Recipients of monthly benefits who have received at least one monthly retirement allowance by July 1, will receive an automatic 3% increase on their July allowance.
Employees whose effective retirement date is June 1, 1997, or earlier will receive the 3% increase.
The increase results from the legislation passed by the 1996 General Assembly which provides an annual increase on July 1 equal to the percent change in the Consumer Price Index for all urban consumers for the preceding calendar year. The 1996 raise under the law was 2.8%.
In order to apply for disability retirement benefits from KERS, CERS or SPRS, an employee must file the disability application at the retirement office within 12 months of the last day of paid employment in a regular full-time position.
Workers' Compensation is not considered "creditable compensation," or salary, for retirement purposes. Unless the employee is being paid sick leave at least equal to the employee's regular full-time pay, the employee is considered off-payroll for retirement purposes.

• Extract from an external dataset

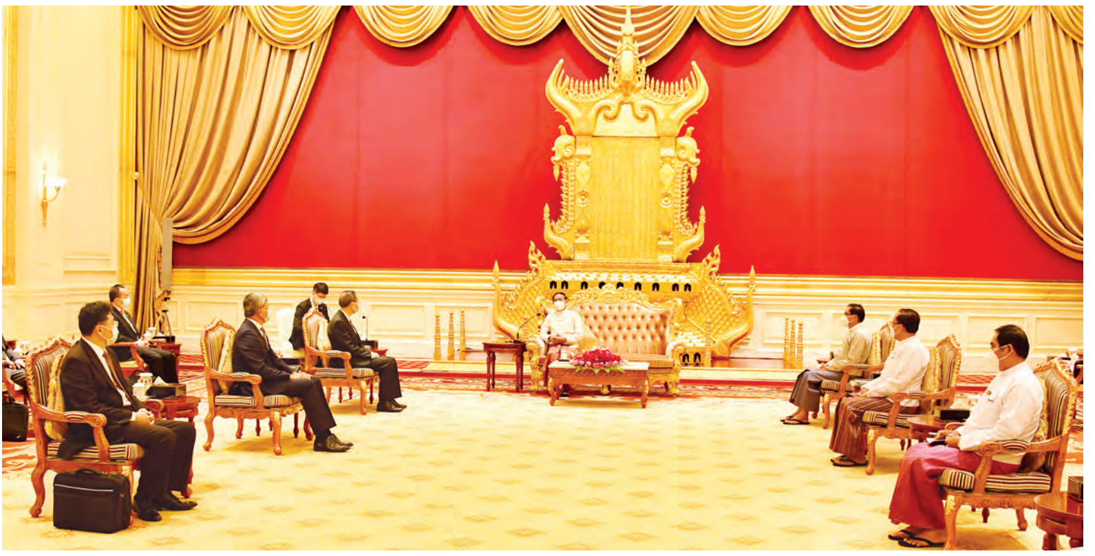
နိုင်ငံတော်သမ္မတ ဦးဝင်းမြင့် တရုတ်ပြည်သူ့သမ္မတနိုင်ငံ တရုတ်ကွန်မြူနစ်ပါတီ ဗဟိုကော်မတီ နိုင်ငံရေးဗျူရိုအဖွဲ့ဝင် မစ္စတာ ရန်ကျဲ့ချို ဦးဆောင်သော ကိုယ်စားလှယ်အဖွဲ့အား လက်ခံ တွေ့ဆုံစဉ်။

★ ရှေ့ဖိုးမှ သဘောတူညီချက်များကို အရှိန် အဟုန်မပျက် အကောင်အထည်ဖော် ရေး၊ ပြည်သူ့အချင်းချင်း ထိတွေ့ ဆက်ဆံမှု မြှင့်တင်ရန်အတွက် ယဉ်ကျေးမှုနှင့် ခရီးသွားလာရေးနှစ် ၂၀၂၀ ကို စနစ်တကျ နှစ်ဖက်ညှိနှိုင်း စီစဉ်ဆောင်ရွက်သွားရေး၊ ပြည်သူများ အကြား ပုံမှန်ကူးလူးဆက်ဆံမှု အမြန် ဆုံး အကောင်အထည်ဖော် သွားနိုင် ရေးနှင့် မြန်မာ-တရုတ် သံတမန် ဆက်ဆံရေး နှစ် (၇၀) ပြည့် အထိမ်း အမှတ် အခမ်းအနားများ ကျင်းပသွား နိုင်ရေး၊ မြန်မာနိုင်ငံ၌ နိုင်ငံတော် အတွင်း ကျင်းပမည့် ရွေးကောက်ပွဲ အောင်မြင်စွာ ကျင်းပသွားနိုင်ရေး ကိစ္စများကို ဆွေးနွေးကြသည်။ အမြင်ချင်းဖလှယ် ထို့ပြင် နှစ်နိုင်ငံအကြား ဒေသ တွင်းနှင့် နိုင်ငံတကာမျက်နှာစာတွင် ဆက်လက် နီးကပ်စွာ ပူးပေါင်းဆောင် ရွက်သွားရေး ကိစ္စရပ်များကို ရင်းနှီး ပွင့်လင်းစွာဆွေးနွေး အမြင်ချင်း ဖလှယ်ခဲ့ကြသည်။ တွေ့ဆုံပွဲသို့ နိုင်ငံတော် သမ္မတနှင့်အတူ ပြည်ထောင်စုဝန်ကြီး များဖြစ်ကြသည့် ဦးမင်းသူ၊ ဦးကျော်တင်နှင့် တာဝန်ရှိသူများ တက်ရောက်ကြပြီး တရုတ်ကွန်မြူနစ် ပါတီ ဗဟိုကော်မတီ နိုင်ငံရေးဗျူရို အဖွဲ့ဝင်နှင့်အတူ အဆင့်မြင့်အရာရှိ ကြီးများနှင့် မြန်မာနိုင်ငံဆိုင်ရာ တရုတ် သံအမတ်ကြီး မစ္စတာချန်ဟိုင်တို့ တက်ရောက်ကြသည်။ သတင်းစဉ်

That means the employee may lose the right to apply for disability retirement if he remains on Workers' Compensation and does not file a disability application at the retirement office within 12 months of the date he began receiving Workers' Compensation.
Any employee who has a medical condition that could last for 12 months should contact the retirement office for information about disability retirement.
Internal Revenue Code Section 401(a)(17) limits annual compensation for determining retirement benefits to a maximum of $150,000 in fiscal year 1996-97 and $160,000 in fiscal year 1997-98. This is the maximum compensation that may be used in determining retirement benefits.
No employer or employee retirement contributions are paid on salary above these limits.
Few members are directly affected by the annual compensation limit.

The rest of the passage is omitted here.